That's it. Once you have a correct Makefile.foo, and you have pre-built any other needed libraries (e.g. MPI), all you need to do from the src directory is type one of the following:

make foo
make -j N foo
gmake foo
gmake -j N foo 

The -j or -j N switches perform a parallel build which can be much faster, depending on how many cores your compilation machine has. N is the number of cores the build runs on.

You should get the executable spa_foo when the build is complete.


Errors that can occur when making SPARTA:

IMPORTANT NOTE: If an error occurs when building SPARTA, the compiler or linker will state very explicitly what the problem is. The error message should give you a hint as to which of the steps above has failed, and what you need to do in order to fix it. Building a code with a Makefile is a very logical process. The compiler and linker need to find the appropriate files and those files need to be compatible with SPARTA source files. When a make fails, there is usually a very simple reason, which you or a local expert will need to fix.

Here are two non-obvious errors that can occur:

(1) If the make command breaks immediately with errors that indicate it can't find files with a "*" in their names, this can be because your machine's native make doesn't support wildcard expansion in a makefile. Try gmake instead of make. If that doesn't work, try using a -f switch with your make command to use a pre-generated Makefile.list which explicitly lists all the needed files, e.g.

make makelist
make -f Makefile.list g++
gmake -f Makefile.list mac 

The first "make" command will create a current Makefile.list with all the file names in your src dir. The 2nd "make" command (make or gmake) will use it to build SPARTA.

(2) If you get an error that says something like 'identifier "atoll" is undefined', then your machine does not support "long long" integers. Try using the -DSPARTA_LONGLONG_TO_LONG setting described above in Step 4.


Additional build tips:

(1) Building SPARTA for multiple platforms.

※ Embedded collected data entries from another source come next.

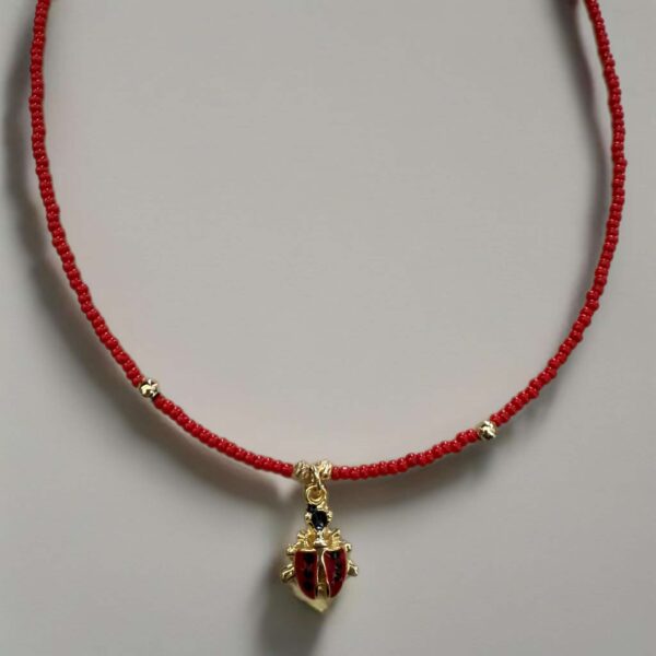 Κολιέ με χάντρες και μεταλλικό πασχαλίτσα ζωγραφισμένο με σμάλτο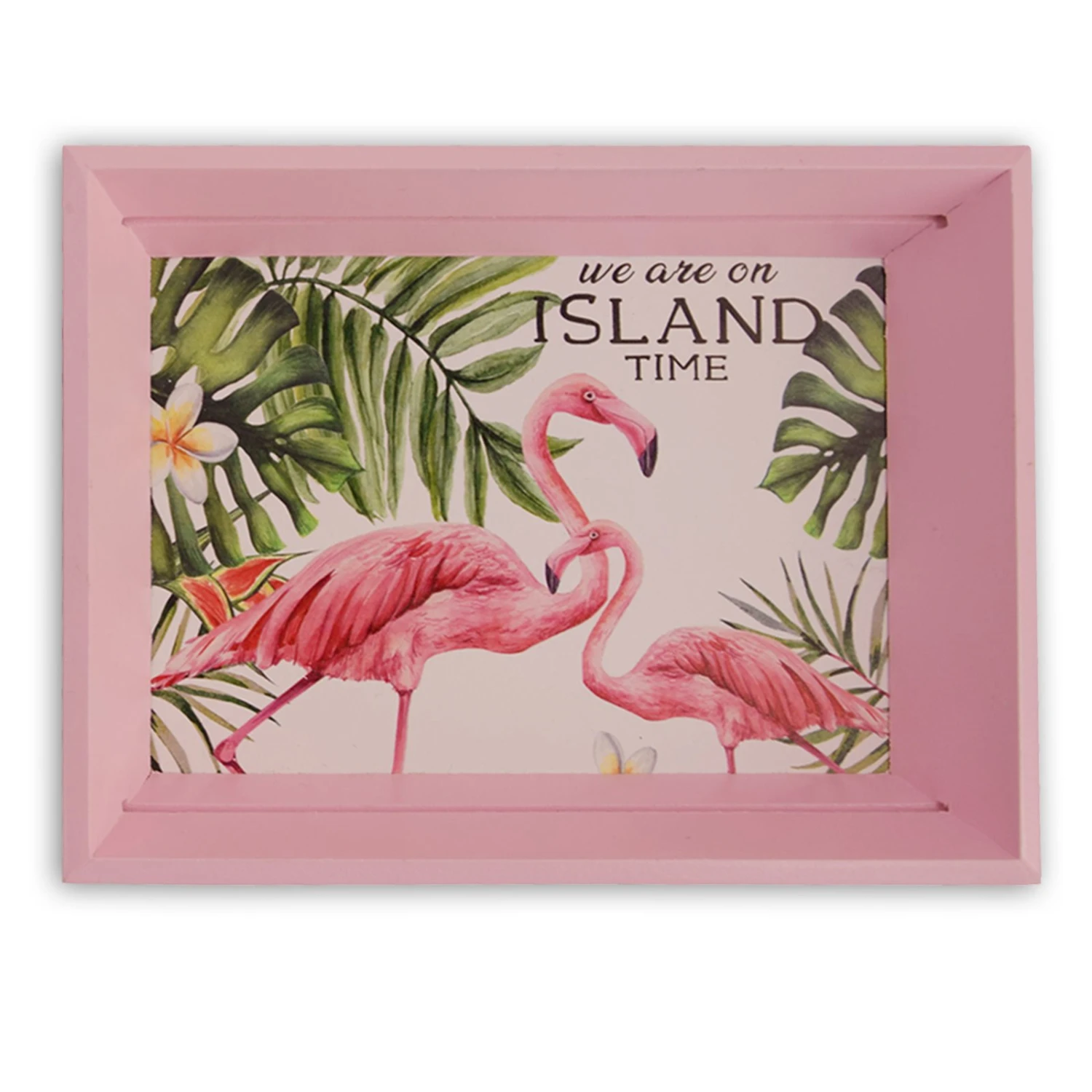 Egal, ob als Küchenhelfer oder als praktisches Grillzubehör, das Tablett hilft Ihnen dabei, mehrere Gegenstände auf einmal transportieren zu können. Das schöne Flamingo-Motiv versprüht ein sommerliches Feeling.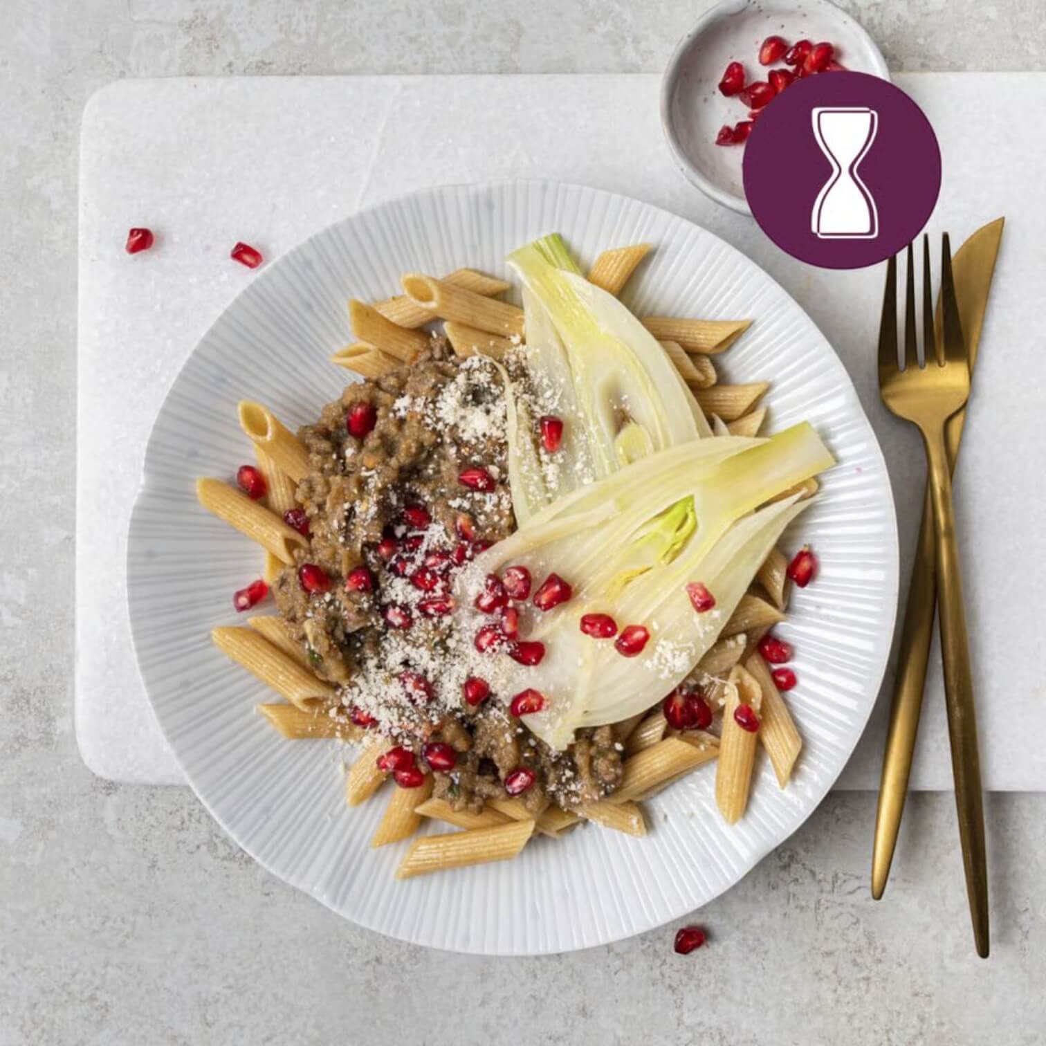 Ontdooid: prik gaatjes in de folie, 4-5 min in de magnetron of warm het een paar minuten op in een pan.

You can make SPARTA for multiple platforms from the same src directory. Each target creates its own object sub-directory called Obj_name where it stores the system-specific *.o files.

(2) Cleaning up.

Typing "make clean-all" or "make clean-foo" will delete *.o object files created when SPARTA is built, for either all builds or for a particular machine.


Building for a Mac:

OS X is BSD Unix, so it should just work. See the Makefile.mac file.


Building for Windows:

At some point we may provide a pre-built Windows executable for SPARTA. Until then you will need to build an executable from source files.

One way to do this is install and use cygwin to build SPARTA with a standard Linux make, just as you would on any Linux box.

You can also import the *.cpp and *.h files into Microsoft Visual Studio. If someone does this and wants to provide project files or other Windows build tips, please send them to the developers and we will include them in the distribution.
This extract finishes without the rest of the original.